To see if the C3G is DDD or C3GN, other portions of the biopsy may be viewed with an electron microscope that can magnify the glomeruli thousands of times. With this method, the exact location of the C3 in the glomeruli can be seen, and depending on where the C3G is located, this determines the diagnosis of either DDD or C3GN.
 
How is C3G treated?
 
There is no FDA-approved treatment for C3G, nor are there therapies that attack the cause of C3G. Efforts to slow the process of kidney damage from C3G may include the following:
  • Corticosteroids (often called "steroids")

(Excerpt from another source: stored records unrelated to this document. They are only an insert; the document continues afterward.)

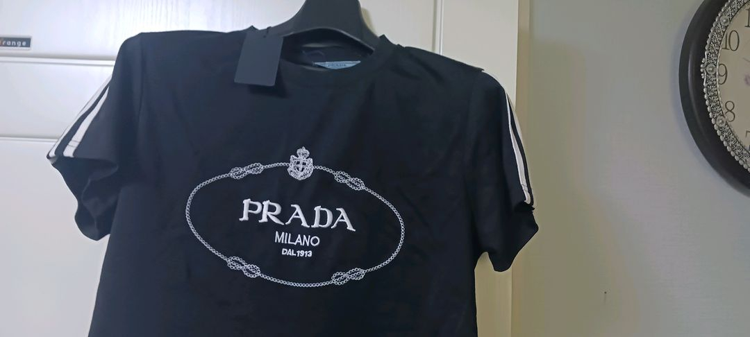 프 라 다 반팔티와 데님 반바지 세트예요. 태그가 달려있는 새 상품이고 상태 정말 좋습니다. 고급스러운 로고 디자인이 포인트네요!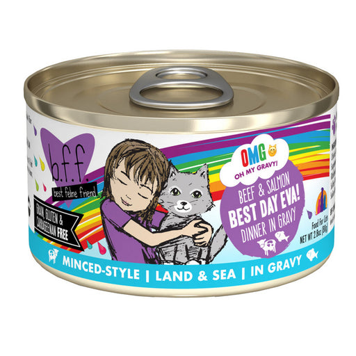 $3.49BFF OMG Best Day Eva Beef & Salmon 5.5 oz Oh My Gravy! (OMG!). Featuring all-gravy recipes focusing on hydration and high quality protein from...
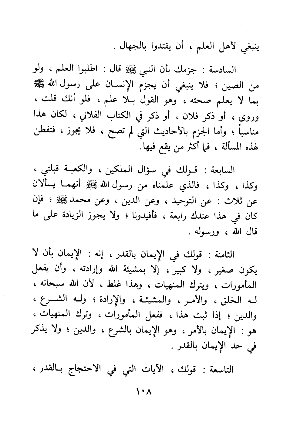 الثامنة: قولك في الإيمان بالقدر: إنه الإيمان بأن لا يكون صغير، ولا كبير، إلا بمشيئة الله وإرادته، وأن يفعل المأمورات، ويترك المنهيات؛ وهذا غلط، لأن الله سبحانه، له الخلق، والأمر، والمشيئة، والإرادة ; وله الشرع، والدين؛ إذا ثبت هذا، ففعل المأمورات، وترك المنهيات، هو: الإيمان بالأمر، وهو الإيمان بالشرع، والدين، ولا يذكر في حد الإيمان بالقدر.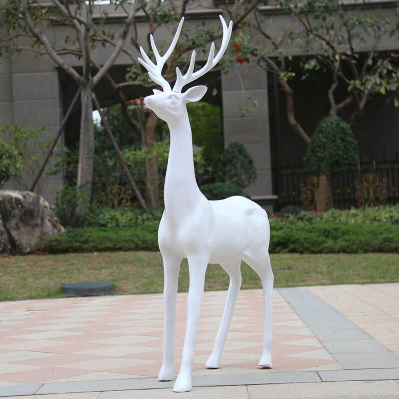 户外彷真玻璃纤维白鹿雕塑落地庭院园林景观商场婚礼装饰白色鹿摆

  • Immunosuppressive drugs
  • ACE inhibitors and ARBs
  • Diet changes
  • Complement inhibitors
Corticosteroids and immunosuppressive drugs: These medications are used to calm your immune system (to which the complement system belongs) and stop it from attacking your glomeruli.
 
ACE inhibitors and ARBs: These are blood pressure medications used to reduce protein loss and control blood pressure.
 
Immunosuppressive drugs: These medications inhibit the function of your immune system. This system contributes to the kidney damage in C3G.
 
Diet change: Some diet changes may be needed, such as reducing salt (sodium) and protein in your food choices to lighten the load of wastes on the kidneys.
 
Complement inhibitors: There is high interest in the possibility that drugs that inhibit the complement system might become an effective treatment for C3G. No anticomplement agent has been approved for use in C3G.
 

Will I have kidney failure because of C3G?

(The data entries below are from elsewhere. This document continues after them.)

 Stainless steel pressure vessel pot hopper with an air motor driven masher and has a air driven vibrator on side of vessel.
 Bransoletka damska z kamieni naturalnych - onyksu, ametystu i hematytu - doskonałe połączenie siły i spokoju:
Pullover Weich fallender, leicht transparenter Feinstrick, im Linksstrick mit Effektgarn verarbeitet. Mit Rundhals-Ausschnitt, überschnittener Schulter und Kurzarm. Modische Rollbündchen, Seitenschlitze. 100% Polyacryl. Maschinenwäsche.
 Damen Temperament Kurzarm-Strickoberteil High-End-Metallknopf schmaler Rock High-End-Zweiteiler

You should talk with your doctor about your condition, because, like many kidney diseases, the progression of C3G is variable and depends on many factors. Your doctor will attempt to define a treatment plan that is best for you. Treatment aims to slow the progress of kidney disease and to reduce your symptoms. Over time, some patients with C3G slowly get worse until they reach kidney failure, If this occurs, you will need a kidney transplant or dialysis to stay alive. Some people respond well to treatment and may live with the disease for many years while being monitored for any signs of change.
 
 
Date Reviewed: 
November 27, 2017

The information shared on our websites is information developed solely from internal experts on the subject matter, including medical advisory boards, who have developed guidelines for our patient content. This material does not constitute medical advice. It is intended for informational purposes only. No one associated with the National Kidney Foundation will answer medical questions via e-mail. Please consult a physician for specific treatment recommendations.